在没有任何包的情况下查找基因组组合
Find combinations of genome without any package
我想知道在一个序列中有多少种基因组组合。我的意思是二进制组合:AA、AT、AG、AC、... 16 种组合;或 3 元素组合 ATG、ACG、... 64 种组合。我知道如何用一个包来做到这一点,我会在这里写下来。我想创建自己的代码来执行此
seqinr 包完美地完成了它的工作。那是我使用的代码;
install.packages('seqinr')
library(seqinr)
m = read.fasta(file='sequence.fasta')
mseq = m[[1]]
count(mseq,2) # gives how many binary combinations are found in the seq
count(mseq,3) # gives how many 3-elemented combinations are found in the seq
这是一种缓慢的方法。我确信它在 bioconductor 包中更快。
# some practice data
mseq = paste(sample(c("A", "C", "G", "T"), 1000, rep=T), collapse="")
# define a function called count
count = function(mseq, n){
# split the sequence into every possible sub sequence of length n
x = sapply(1:(nchar(mseq) - n + 1), function(i) substr(mseq, i, i+n-1))
# how many unique sub sequences of length R are there?
length(table(x))
}
实际上刚刚检查过,他们就是这样做的:
function (seq, wordsize, start = 0, by = 1, freq = FALSE, alphabet = s2c("acgt"),
frame = start)
{
if (!missing(frame))
start = frame
istarts <- seq(from = 1 + start, to = length(seq), by = by)
oligos <- seq[istarts]
oligos.levels <- levels(as.factor(words(wordsize, alphabet = alphabet)))
if (wordsize >= 2) {
for (i in 2:wordsize) {
oligos <- paste(oligos, seq[istarts + i - 1], sep = "")
}
}
counts <- table(factor(oligos, levels = oligos.levels))
if (freq == TRUE)
counts <- counts/sum(counts)
return(counts)
}
如果您想查找某个函数的代码,请使用 getAnywhere()
getAnywhere(count)
简单的事情就是这样:
# Generate a test sequence
set.seed(1234)
testSeq <- paste(sample(LETTERS[1:3], 100, replace = T), collapse = "")
# Split string into chunks of size 2 and then count occurrences
testBigram <- substring(testSeq, seq(1, nchar(testSeq), 2), seq(2, nchar(testSeq), 2))
table(testBigram)
AA AB AC BA BB BC CA CB CC
10 10 14 3 3 2 2 5 1
这里有一个使用 "function factory" (https://adv-r.hadley.nz/function-factories.html) 的方法。
2 元素和 3 元素的组合是大小为 2 和 3 的 n-gram。所以我们将这个 n-gram 函数工厂化。
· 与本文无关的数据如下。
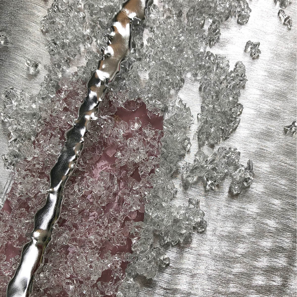 Set of 2 deep floated luxurious aluminium artworks, embellished with crystal crushed glass and ‘liquid silver’ lines.

# Generate a function to create a function
ngram <- function(size) {
function(myvector) {
substring(myvector, seq(1, nchar(myvector), size), seq(size, nchar(myvector), size))
}
}
# Assign the functions names (optional)
bigram <- ngram(2)
trigram <- ngram(3)
# 2 element combinations
table(bigram(testSeq))
AA AB AC BA BB BC CA CB CC
10 10 14 3 3 2 2 5 1
# count of 2 element combinations
length(unique(bigram(testSeq)))
[1] 9
# counting function
count <- function(mseq, n) length(unique(ngram(n)(mseq)))
count(testSeq, 2)
[1] 9
# and if we wanted to do with with 3 element combinations
table(trigram(testSeq))
我想知道在一个序列中有多少种基因组组合。我的意思是二进制组合:AA、AT、AG、AC、... 16 种组合;或 3 元素组合 ATG、ACG、... 64 种组合。我知道如何用一个包来做到这一点,我会在这里写下来。我想创建自己的代码来执行此
seqinr 包完美地完成了它的工作。那是我使用的代码;
install.packages('seqinr')
library(seqinr)
m = read.fasta(file='sequence.fasta')
mseq = m[[1]]
count(mseq,2) # gives how many binary combinations are found in the seq
count(mseq,3) # gives how many 3-elemented combinations are found in the seq
这是一种缓慢的方法。我确信它在 bioconductor 包中更快。
# some practice data
mseq = paste(sample(c("A", "C", "G", "T"), 1000, rep=T), collapse="")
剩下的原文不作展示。